Required action: Please repeat word for word the line containing "A close-up captures" and every following line up to and including the last one below, pictures excluded.

Supplied data:
★ ★ ★ ★ ★ ★ ★

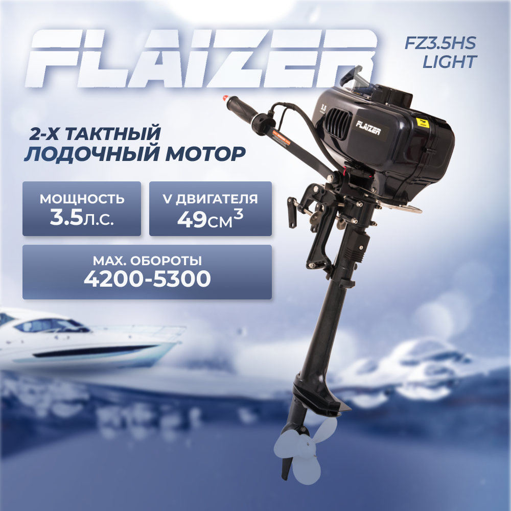Лодочный мотор бензиновый двухтактный Flaizer FZ3.5HS Light 3.5 л. с. подвесной для надувной гребной лодки ПВХ интересное:
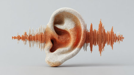 A close-up captures a human ear, highlighted by a glowing sound wave graphic. The image presents a blend of soft focus and sharp detail. Warm, golden tones illuminate the scene, suggesting a digital or conceptual artwork appropriate for educational and commercial applications.
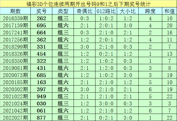 前10期跨度振幅为:1-7-5-2-3-3-2-0-6-4,逐渐下降,跨度出现范围较大,本期跨度大幅调整,重点关注跨度6。
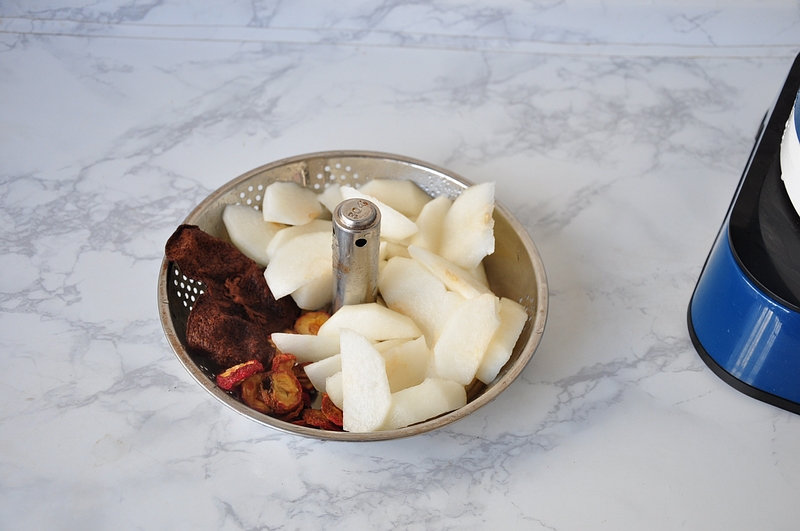 6接下来,用电火锅的升键将蒸笼升起,将梨块单独挑出即可,山楂干和陈皮就不要了。

★ ★ ★ ★ ★ ★ ★

Answer space:
 A close-up captures a human ear, highlighted by a glowing sound wave graphic. The image presents a blend of soft focus and sharp detail. Warm, golden tones illuminate the scene, suggesting a digital or conceptual artwork appropriate for educational and commercial applications.
 前10期跨度振幅为:1-7-5-2-3-3-2-0-6-4,逐渐下降,跨度出现范围较大,本期跨度大幅调整,重点关注跨度6。
 6接下来,用电火锅的升键将蒸笼升起,将梨块单独挑出即可,山楂干和陈皮就不要了。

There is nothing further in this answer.